The police officer will advise the driver that according to state law, he or she is required to submit to a chemical test to determine blood-alcohol concentration.
The two legally-approved ways to determine a person’s blood-alcohol concentration in Washington state are either from a blood test at a local hospital or a chemical breath test, known as a “breathalyzer,” most likely conducted at police station or a county sheriff’s booking facility.
The choice of either a blood test or breath test is up to the driver. With the “breathalyzer” test, the results are known immediately and are admissible as evidence in a criminal proceeding. Once again, the driver has the right to refuse either chemical test; however, a refusal is an automatic driver’s license or permit suspension for one year.
While at the breath test location, if the driver blows a 0.08 percent or higher, he or she is then booked into jail for DUI.

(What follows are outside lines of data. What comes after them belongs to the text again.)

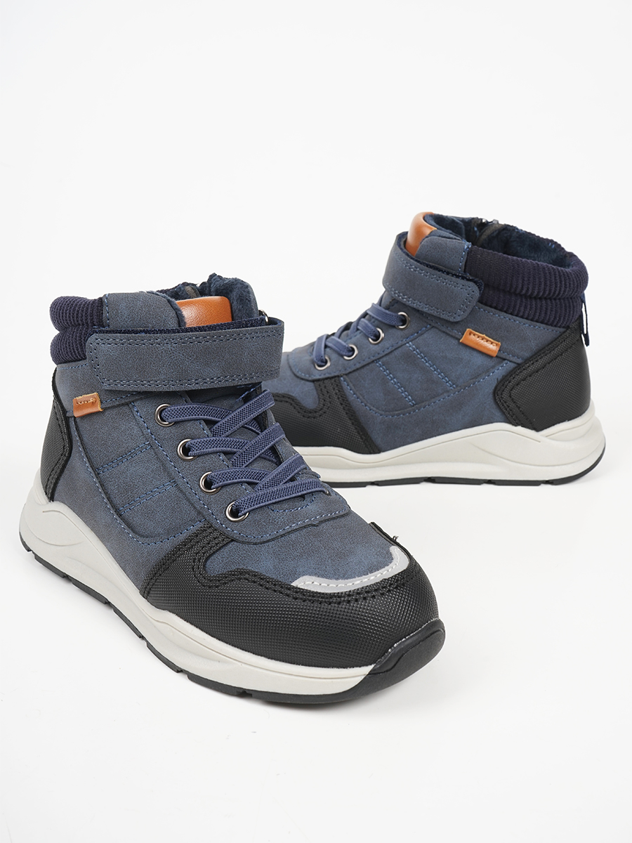 Παιδικά μποτάκια με αυτοκόλλητο skrats και εσωτερικό φερμουάρ για τέλεια και εύκολη εφαρμογή, καθώς και διακοσμητικά κορδόνια.
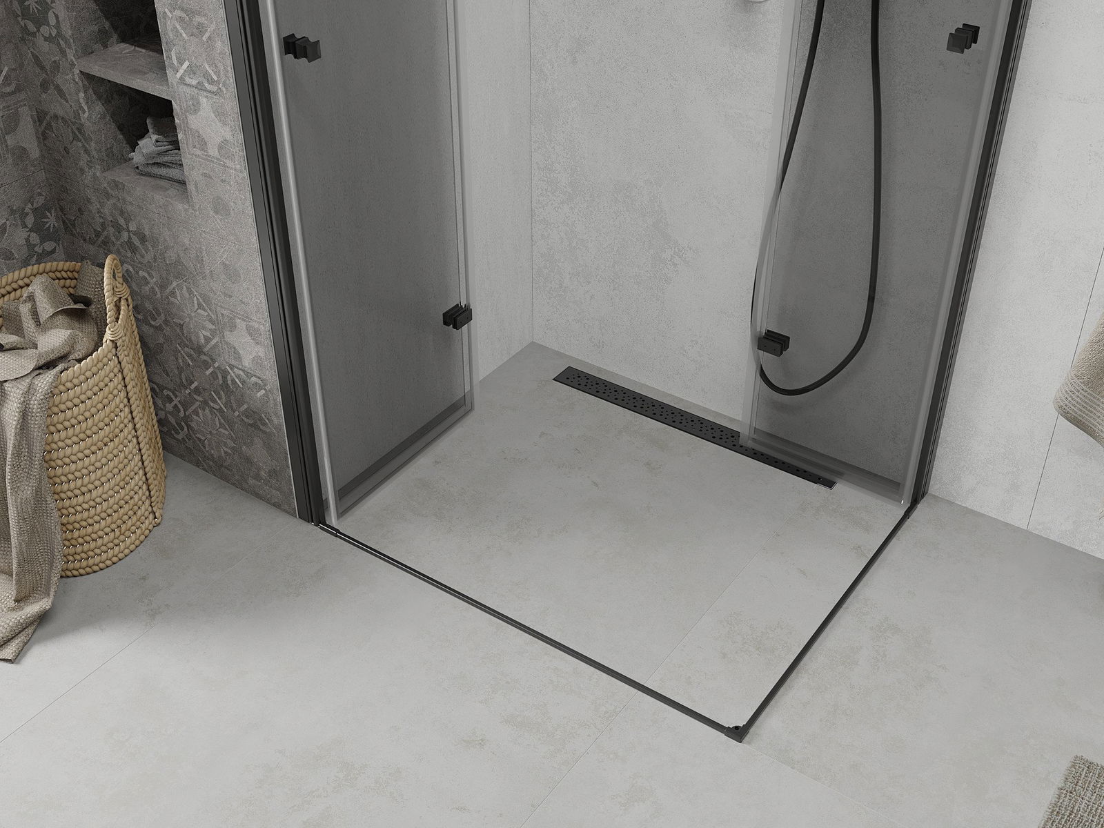 Abhängig von Ihren Bedürfnissen kann das Produkt sowohl auf der Duschschale als auch direkt auf dem Boden montiert werden. Mit der universellen Montagemethode können Sie das Produkt an verschiedene Arten von Badezimmern anpassen und Raum konfigurieren.
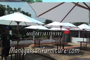 | Ukuran | : | Meja kotan 100x100x75cm Payung bilat diameter 120cm |
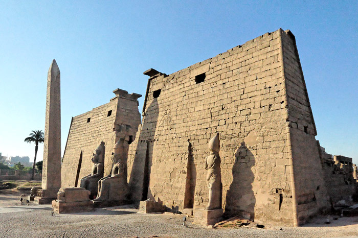 orne maintenant la place de la Concorde. On aperçoit encore son socle. Plusieurs statues de Ramsès II sont placées devant le pylône. Sur ses murs, le pharaon fit représenter la bataille de Qadesh. Une gravure sur un mur de la première cour offre une représentation de l'état d'origine du pylône

Police officers are not required to read DUI suspects Miranda Rights. I’ve had multiple DUI suspects in my career tell me I’ve “blown” their DUI case because I failed to read them their rights.
Wrong. I’ve had many misdemeanor DUI suspects demand that they be allowed to have their attorney present for any field sobriety tests. Some have demanded that their attorney be present during tests.
I remember back in the 1990s, when a then-famous sports star rolled and destroyed his sports car on a public highway. He was standing on the shoulder of the road talking on his cell phone. The driver said he was driving alone and had just left a nightclub where he admitted to having a couple drinks.
The highway was basically deserted, and I smelled the odor of alcohol on his breath. He told me he would not be participating in any field sobriety or balance tests until his attorney, agent and a team official had been notified and were present. He demanded I wait until each of them had been contacted and had responded to the scene. He kept telling me to wait. It was obvious he believed he could dictate the direction of the investigation. It didn’t work. He agreed after being arrested that he would submit to a chemical test to determine his blood-alcohol content. He chose a blood test, but upon arrival at the hospital, he decided to refuse all chemical tests. He was convicted in criminal court and had his driver’s license suspended for his refusal to submit to a chemical test when requested by a police officer.
These types of encounters with suspected DUI drivers happen every day across the United States. Now you know a little more about how and why cops do what they do.